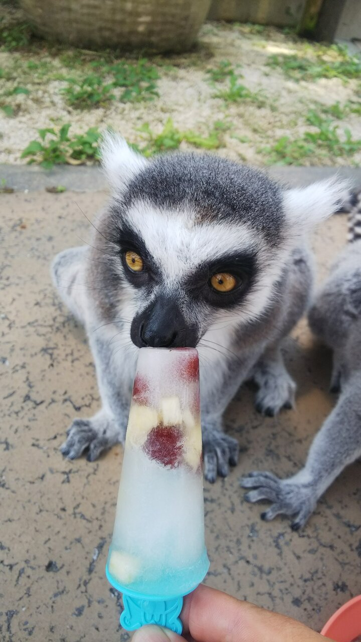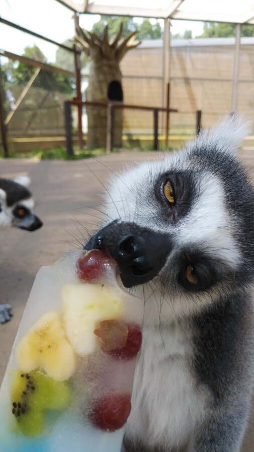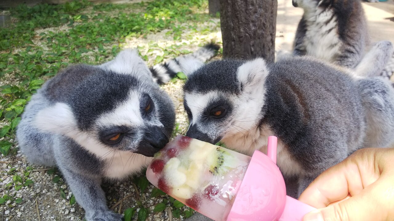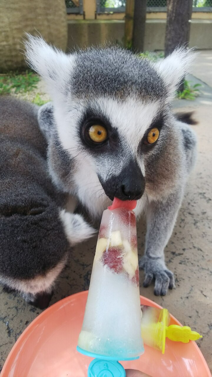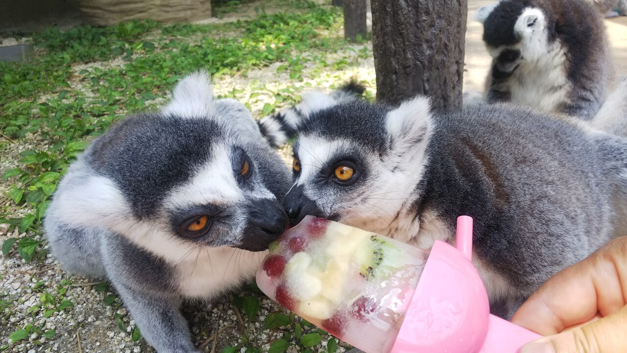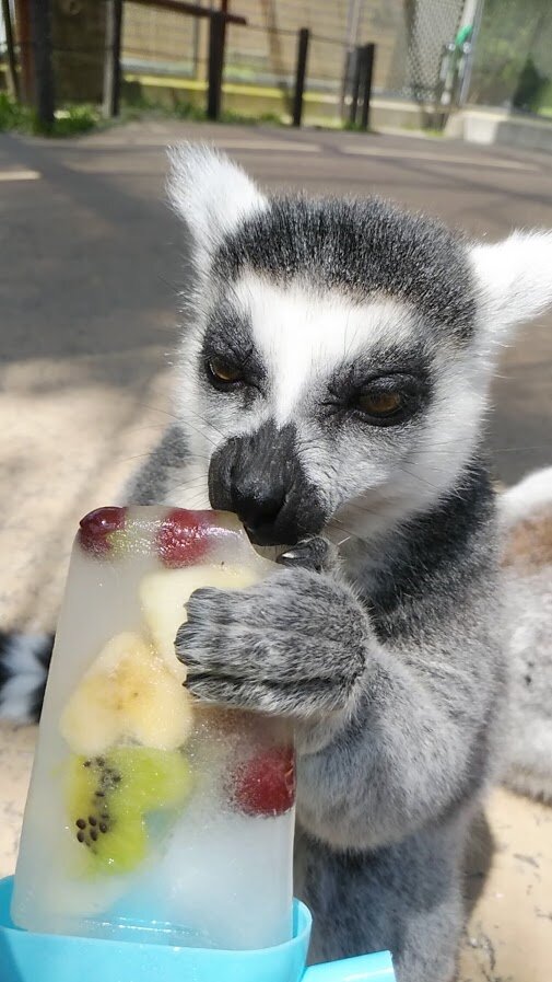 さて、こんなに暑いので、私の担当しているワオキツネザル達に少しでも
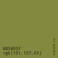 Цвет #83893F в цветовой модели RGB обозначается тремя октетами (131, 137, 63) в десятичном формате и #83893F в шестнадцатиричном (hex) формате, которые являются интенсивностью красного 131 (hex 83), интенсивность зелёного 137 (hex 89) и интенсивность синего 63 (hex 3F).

...

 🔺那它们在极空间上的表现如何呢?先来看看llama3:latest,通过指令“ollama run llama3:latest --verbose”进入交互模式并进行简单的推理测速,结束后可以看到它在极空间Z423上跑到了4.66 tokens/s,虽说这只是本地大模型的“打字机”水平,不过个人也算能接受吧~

==

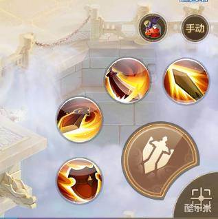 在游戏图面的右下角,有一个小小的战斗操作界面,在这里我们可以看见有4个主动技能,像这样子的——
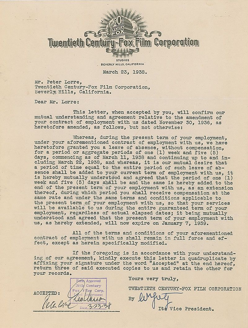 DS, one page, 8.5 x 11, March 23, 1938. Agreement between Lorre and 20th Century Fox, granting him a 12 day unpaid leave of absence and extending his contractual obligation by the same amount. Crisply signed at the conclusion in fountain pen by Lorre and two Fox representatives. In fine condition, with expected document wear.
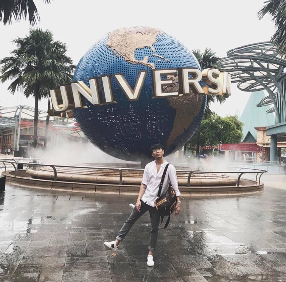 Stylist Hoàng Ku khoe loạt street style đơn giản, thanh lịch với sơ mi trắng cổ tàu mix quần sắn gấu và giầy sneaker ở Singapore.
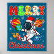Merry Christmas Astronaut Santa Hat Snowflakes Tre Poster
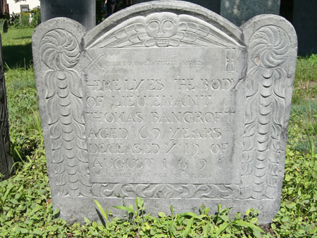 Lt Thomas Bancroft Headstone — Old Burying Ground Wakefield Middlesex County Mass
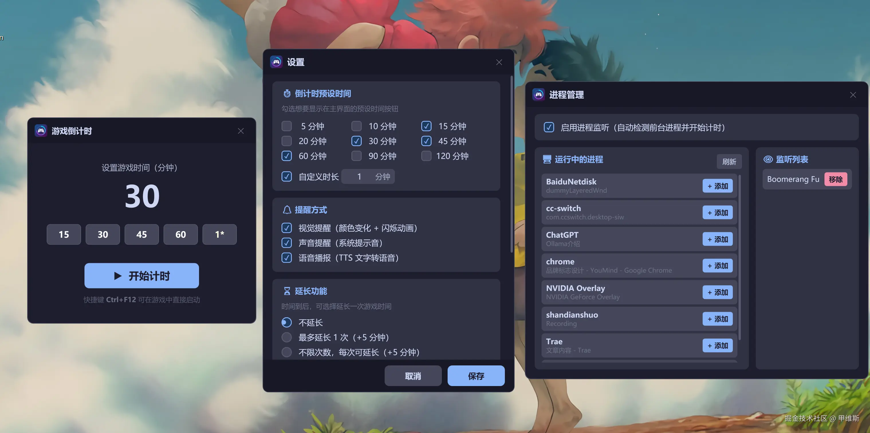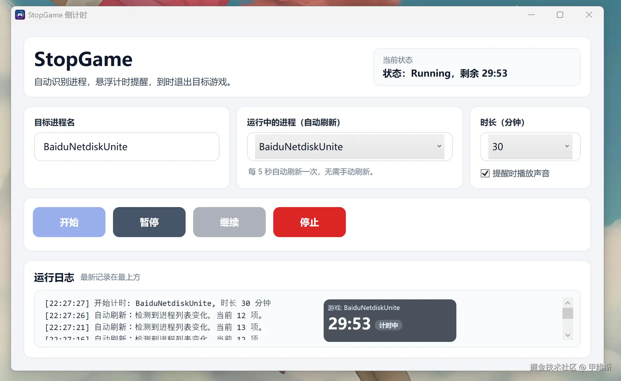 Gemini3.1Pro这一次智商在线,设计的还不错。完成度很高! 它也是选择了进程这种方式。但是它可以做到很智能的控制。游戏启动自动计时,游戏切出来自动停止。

* **What you need to do**
In the listing above, find the line with "Lt Thomas Bancroft" and the line with "Gemini3.1Pro这一". Copy exactly those two and every line between, without the pictures.

* **Reply to the exercise**
 Lt Thomas Bancroft Headstone — Old Burying Ground Wakefield Middlesex County Mass
 Gemini3.1Pro这一次智商在线,设计的还不错。完成度很高! 它也是选择了进程这种方式。但是它可以做到很智能的控制。游戏启动自动计时,游戏切出来自动停止。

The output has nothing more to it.